In one experiment, each pro played 5,000 hands of poker against five copies of the machine, "Pluribus". In another, Pluribus played five pros at a time for 10,000 hands. AI came out on top both times. The results are published in Science.
"Pluribus achieved superhuman performance at multi-player poker, which is a recognized milestone in artificial intelligence and in game theory that has been open for decades," Tuomas Sandholm, Professor of Computer Science at Carnegie Mellon University and co-developer of Pluribus, said in a statement.
One thing that makes this triumph so special is the secretive nature of poker. In chess and Go, both players can see everything that goes on on the board. In poker, they can't – cards in play aren't always visible and players can bluff. This, the researchers say, makes it a trickier game to play for a machine built on logic and probabilities.
It also involves more players. This requires a strategy separate from the two-player games of before.
"Playing a six-player game rather than head-to-head requires fundamental changes in how the AI develops its playing strategy," Noam Brown, a research scientist at Facebook AI and co-developer, added.

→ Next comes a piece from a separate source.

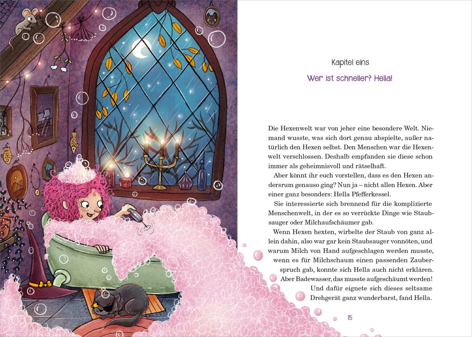 Ihre magischen Freunde sind gar nicht begeistert von der Idee. Vor allem, wie will sie dem Hexenrat erklären, dass sie nicht an der alljährlichen großen Hexenversammlung in der Nacht teilnimmt. Aber Hella ist Feuer und Flamme. Echte Menschen treffen und endlich die Welt kennenlernen, in der sie leben. Der wichtigen Hexenversammlung einfach so fernzubleiben, kommt natürlich nicht in Frage. So nimmt Hella ihren ganzen Hexenmut zusammen und erzählt auf der Versammlung von ihrem Plan. Während die anderen Hexen in Gelächter ausbrechen und sich wieder ihren Gesprächen zuwenden, macht sich Hella unbemerkt auf den Weg in die Menschenwelt…

Take, for example, Nash equilibrium: so long as your opponent's strategy remains the same, you won't benefit from changing yours. In a two-player game, it can be an effective strategy for AI – ideally, the human opponent will slip up or upset the equilibrium resulting in a win for the machine but at worst, the game will result in a tie.
This doesn't work when you add in more players.
"[Pluribus'] major strength is its ability to use mixed strategies," said Elias. "That's the same thing that humans try to do. It's a matter of execution for humans – to do this in a perfectly random way and to do so consistently. Most people just can't."
One unusual strategy adopted by the machine was "donk betting", which involves ending one round with a call and starting the next with a bet. Traditionally, it's seen as a weak, non-sensical move that human players tend to avoid. Yet, Pluribus used donk bets much more frequently than its (defeated) human opponents.
So, how did programmers build Pluribus? First, they had it play against five copies of itself, so it could learn the game through trial and error and create a "blueprint" for use in future matches.
Pluribus uses a limited-lookahead search algorithm, enabling it to predict the strategy its opponents will use in the next two to three plays (rather than the entire game). The technique isn't perfect – it considers just five possible continuation strategies for each player (the true number is much higher), but it's sufficient to enable the machine to carry out a strong strategy.
Pluribus also thrives on unpredictability. After all, it wouldn't get very far if it saved its bets for excellent hands only.
The implications of this achievement could extend well beyond poker. The novel strategy makes AI more relevant to "real-world" problems, which often involve missing information and multiple players.
"The ability to beat five other players in such a complicated game opens up new opportunities to use AI to solve a wide variety of real-world problems," said Brown.